What this module also helped me to see, is that the stories that I wrote are more poems than prose. Maybe there are poetic stories. I definitely need to work more on them. To break free from tradition a little bit more, to make them exciting textually and visually as well, but beyond the classic or traditional text and illustration arrangements. Ali (2013, 4) says characteristically

“Writing is a way of thinking, the poem itself offers the best form of structure. It invents its own rules under the making: Neither line, nor form, nor diction or syntax is taken for granted by the writer. It is an anarchic piece of text that lives between boundaries.” (Ali, 2013, 4)

The story in a box I created for the first assignment, my interpretation of an existing  picture book as an act of uncreative writing is perhaps such an example, but also the board game I developed earlier in another module based on a picture book story. I had the opportunity to mix in crafting, which was an interesting addition and added a very different feel and dimension to the final output but also to the process of making the box and what was in it and the arrangement of the story and artefacts. A story does not need to be told or shared in a 2 dimensional artefact, the traditional book format.

During this module it was fascinating to see where we were all taking the materials we immersed ourselves. We experimented in very different ways. It was really insightful and refreshing.

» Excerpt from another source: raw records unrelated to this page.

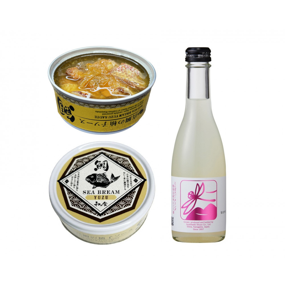 本製品は、国産素材にこだわり【愛媛県産の真鯛】と【高知県、愛媛県産の柚子】を使って作った【真鯛の柚子ソース缶詰】と【とんぼスパークリング】のセットになります。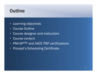 This document provides an outline for a course on project scheduling and controls. The 3-day course will introduce key concepts in project scheduling including activity sequencing, developing project schedules, schedule updates and change control, and earned value management. Participants will learn to create effective project schedules, implement controls, evaluate metrics and prepare reports. The course aims to prepare attendees to sit for the PMI Scheduling Professional or AACE Project Scheduling Professional certifications. It will use exercises, workshops, and a case study to demonstrate scheduling skills across different project types.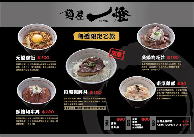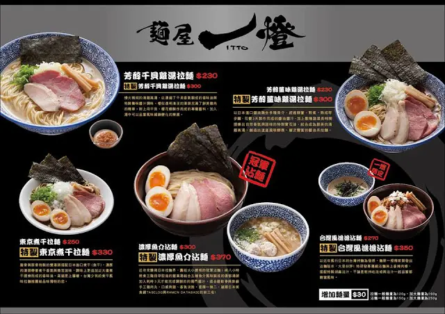 MENU取自台灣麵屋一燈 ITTO Facebook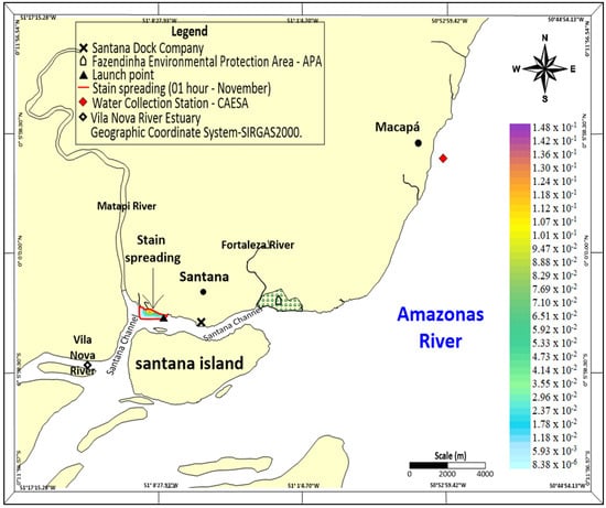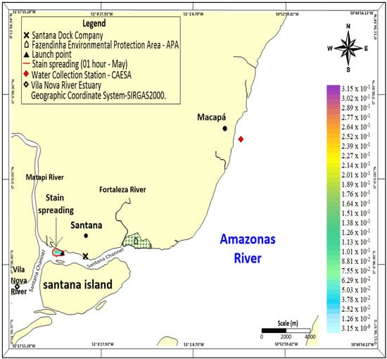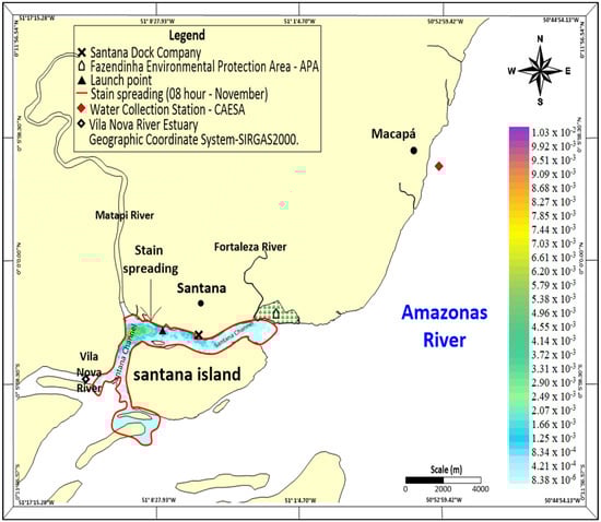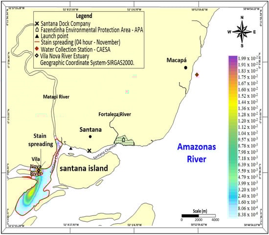In the November scenario (Figure 3 and Figure 4), the plume touched the entire margin of the Fazendinha Environmental Protection Area, while in May the plume extended further downstream, towards the mouth of the Amazon River. Its extension reached the vicinity of the Macapá water intake station facilities, increasing the risks and dangers of environmental and economic impacts and compromising water intake and treatment operations for significant periods [35]. In extreme cases, the Water Treatment Plant—ETA of Macapá would need time and advanced technologies to make the potentially affected water resources less impacted and to make them accessible and useful for consumption again.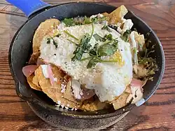 The restaurant offers American, Cuban,[1] Mexican, Southwestern, and Spanish cuisine.[2][3][4] The menu has included enchiladas with butternut squash,[5] tacos with brisket, and tamales with Ahi tuna[6] or Dungeness crab.[7] Cactus has also served antojitos, salads, soups, polenta cakes, sautéed bananas in rum,[8] and margaritas.[6]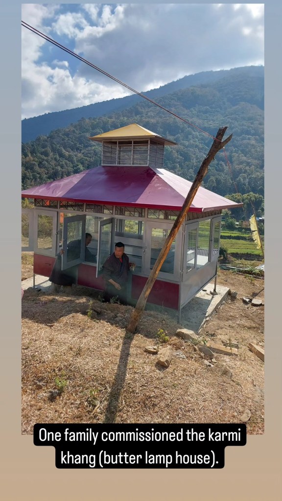 I offered three butter lamps in a new large Karmi Khang that a family from Rukha had bought in the memory of their father, who passed away a few months back. It arrived on the same day I landed there. I prayed that the people of Rukha continue on their path and be a part of this small great nation, as it moves confidently into the future.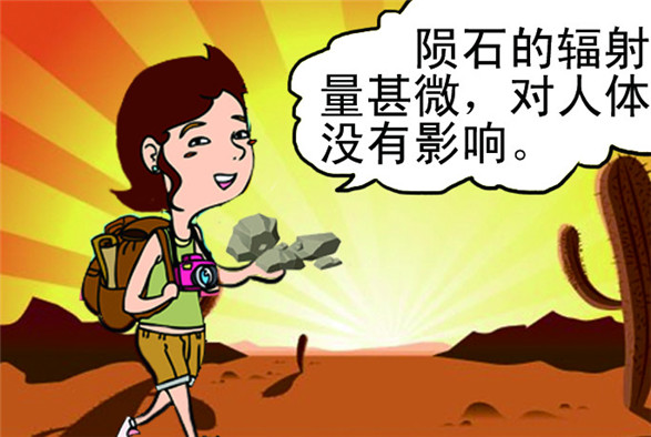 真正的“追星族” 今年29岁的杨可欣,在5年的时间里,和伙伴们往返沙漠、戈壁滩上百次,穿越罗布泊腹地,行走了近8万里,共猎得陨石600多颗,被外界称为“追星星的女人”。她表示:“陨石的辐射量甚微,对人体没有影响。”同时提醒一些陨石爱好者:“寻找陨石需要一定的经验和对陨石散落带地形的了解,不可盲目前往,以免发生意外。”
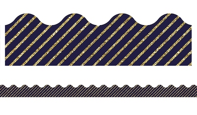 Carson-Dellosa Sparkle and Shine Gold Glitter and Navy Stripe Scalloped Borders, 13 Strips per Pack (108322)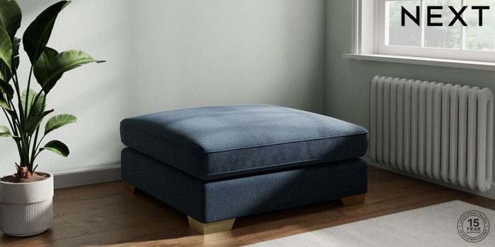 7.3.1 Buy Stamford Grand Relaxed Sit Extra Large Footstool Ripple Chenille Dark Blue Square Angle - Brushed Brass from the Next UK online shop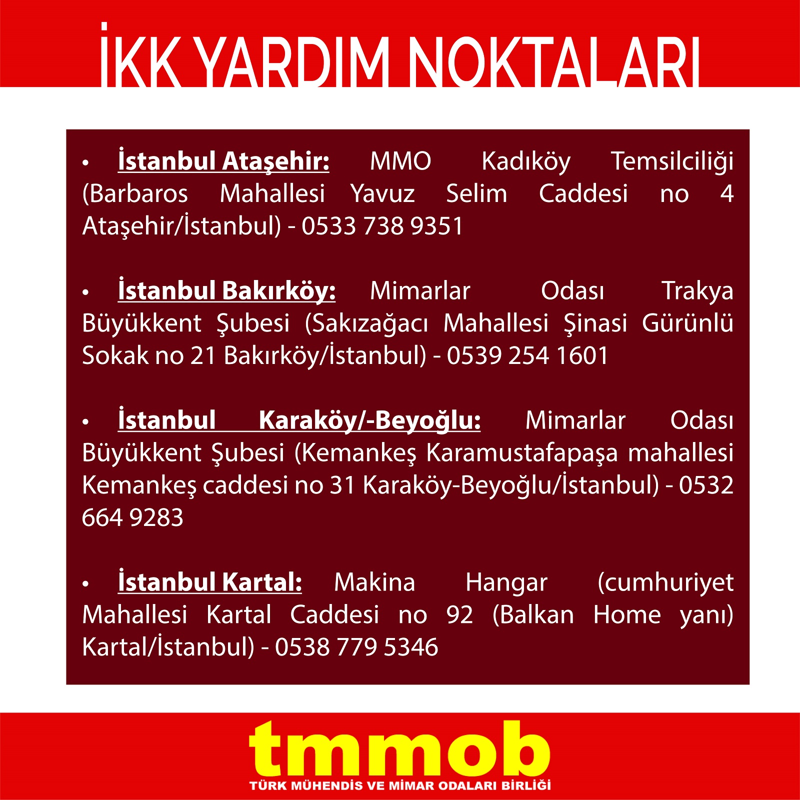 | Kocaeli | MMO Kocaeli Şubesi (Körfez Mahallesi İzzet Uzuner Sokak No 14 İzmit, Mimarlar Odası Tarihi Bina (Ömerağa, Ankara Caddesi M. Levent Ersoy Sokak no 2 İzmit) | 0539 792 7606 |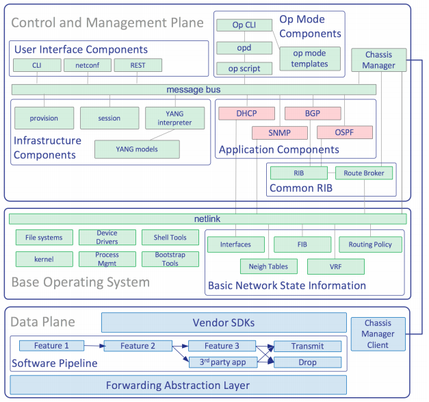 AT&T表示,其全球網(wǎng)絡(luò)包括來自供應(yīng)商的超過10萬個互連的IP/MPLS路由器。這些OEM路由器是作為單片路由器平臺設(shè)計,開發(fā)和銷售的,具有垂直集成的專有硬件和軟件組件。但是AT&T的白盒應(yīng)用計劃將會脫離傳統(tǒng)的路由器,轉(zhuǎn)而采用白盒。DNOS白皮書以DPDK等軟件的發(fā)展和YANG模型的發(fā)展,以及商用芯片和可編程語言P4的發(fā)展,闡述了采用開放軟硬件平臺的必要性,以及業(yè)界對標(biāo)準(zhǔn)的NOS的需求。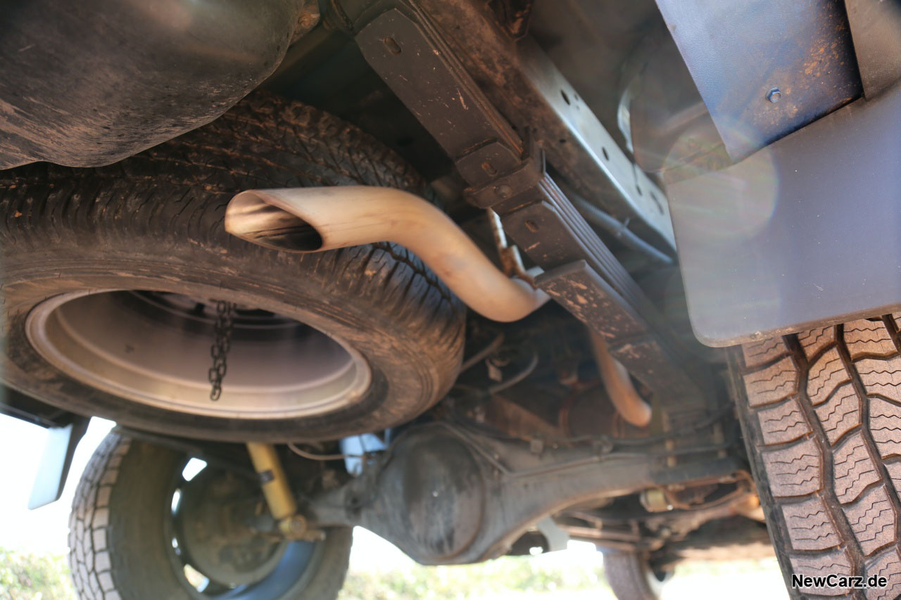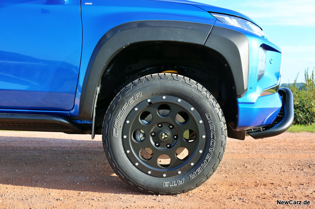 So macht der Mitsubishi L200 Explorer auf Asphalt & Co. eine gute Figur, zeigt durchaus Manieren und erlaubt auch ausgedehnte Touren, ohne dass die Insassen sogleich einem Lärm- oder Schaukelkoller unterliegen. Das verstärkte Fahrwerk trägt das Mehrgewicht souverän. Die Hinterachse besitzt eine Maistone Luftfederunterstützung, bestehend aus zwei Luftbälgen, mit denen das Fahrzeugniveau auch beladen beibehalten werden kann.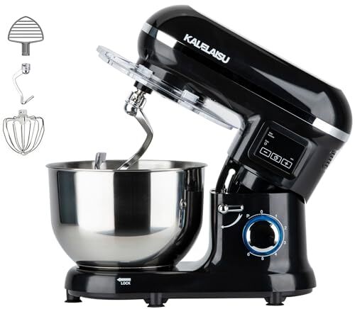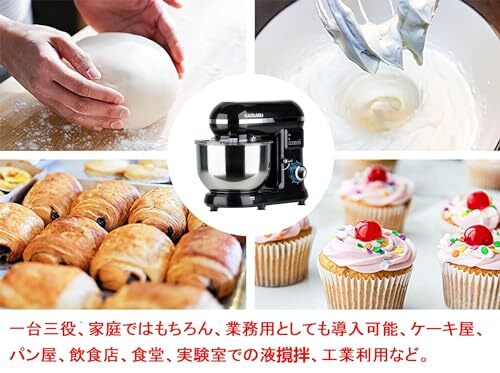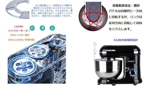 1、【製品パラメータ】5.5L大容量スタンドミキサー,三種類のアタッチメント付き:平面ビーター、ドゥーフック、ワイヤーホイップ。1200Wハイパワーモーター、一回最大1.2-1.5kg小麦粉調理可能。日本国内での使用環境に適合。定格周波数50Hz/60Hz、定格電圧100V-110V、日本国内での使用環境に適合。60dbの低騒音設計。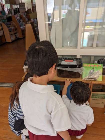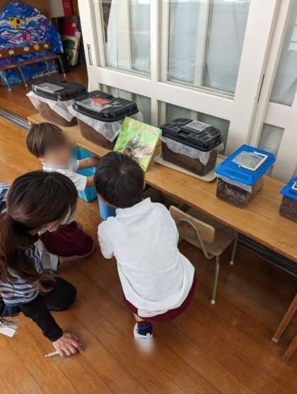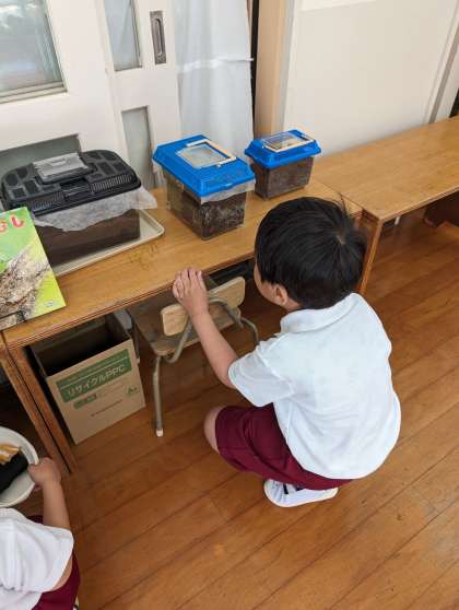 カブトムシの幼虫がサナギになっていました。朝一番に気づいた子どもが先生や友達に知らせてまわっていました。無事にカブトムシになりますように!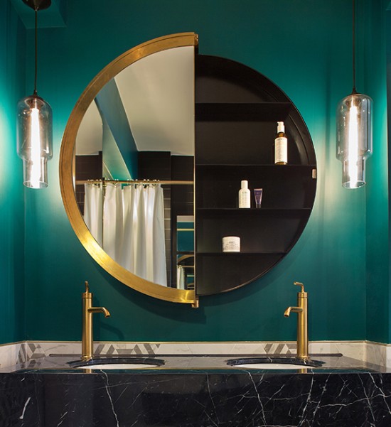 該公寓的設(shè)計(jì)美感干凈,清新且精致。盡管會(huì)讓人聯(lián)想到閣樓的空間連續(xù)性,Lim+Lu旨在避免與現(xiàn)時(shí)泛濫的紐約工業(yè)風(fēng)有任何關(guān)聯(lián)。為擺脫無(wú)處不在的工業(yè)“時(shí)髦”,設(shè)計(jì)師刻意地選擇了可以給空間注入新生命的色調(diào)??蛷d和臥室的墻壁采用白色搭配黑色,劃分出休息和放松的空間。同時(shí),廚房、書(shū)房、步入式衣帽間和主臥使用豐富的粉彩和深寶石色調(diào),與圖案瓷磚雅致搭配,使得核心居住空間與延伸空間融為一體。由區(qū)別細(xì)微的顏色、質(zhì)感和材料構(gòu)成的門(mén)坎保持了空間的流動(dòng)性,使得空間毫不費(fèi)力地融合成一個(gè)整體。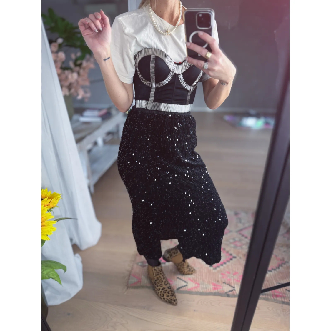 ONESIZE - Skøn og blød nederdel med pailletter. Se mål længere nede.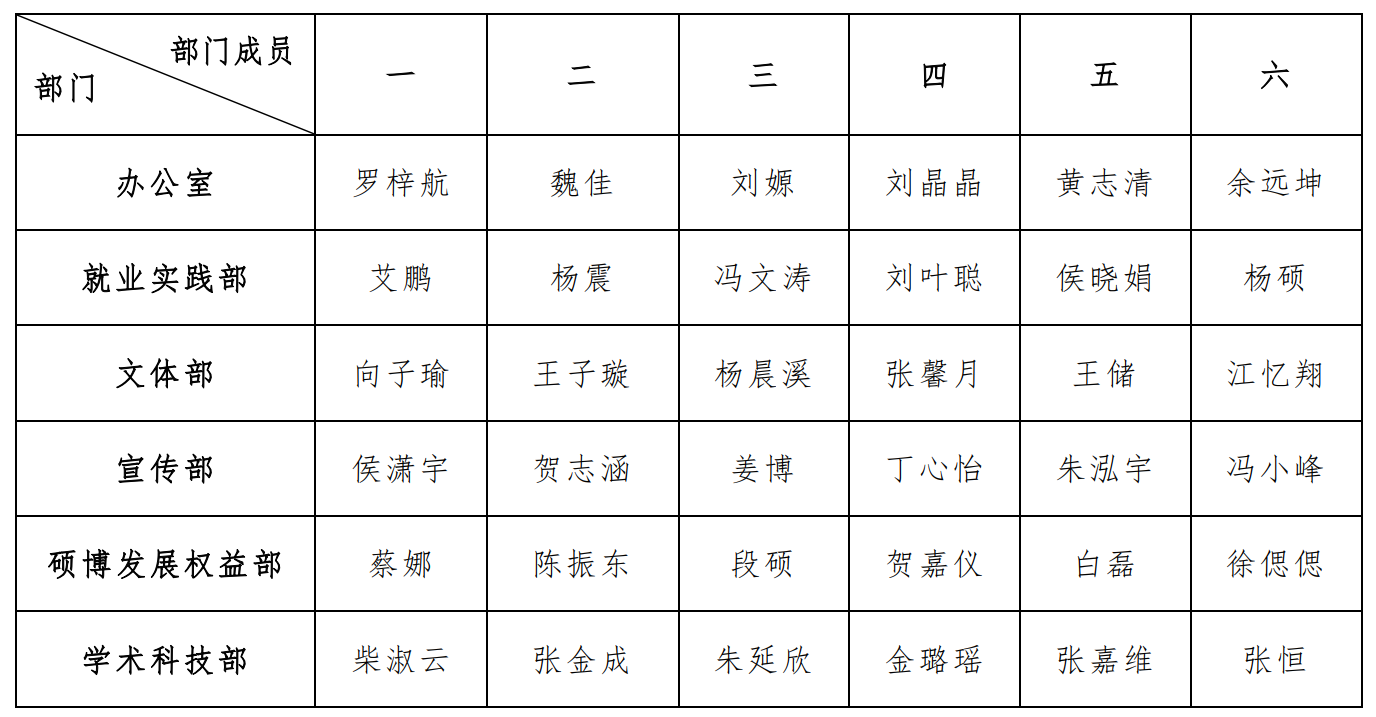 根据《研究生会章程》,第二十四届研究生会于2024年9月19日完成了研究生会各部门工作人员选拔,并于12月23日完成了部门人员的补招,经同学自愿报名、面试,并由主席团成员及各部门负责人讨论商定选出第二十四届研究生会各部门工作人员。现将任职结果公示如下:

Both assignments have been submitted (I think we are getting feedback for the first one next week). I  am waiting patiently for feedback and marks, while at the same time I will start thinking about a possible final project over the Christmas holidays. Just random thoughts in my head at the moment but something will emerge, I am sure. Something that will stretch me further. Something that will challenge me. Maybe a series of short poems or stories inspired by Lydia Davis but for children where the protagonists are neither humans nor animals… what could they be?

Thank you to both my tutors, Judy and Scott, on this module and the whole programme team as well as my peers for their valuable input and support.

References

Ali, K. (2013) Genre-Queer: Notes Against Generic Binaries. In: Singer, M. and Walker, N. (eds.) Bending Genre: Essays on Creative Nonfiction. London: Bloomsbury Academic & Professional.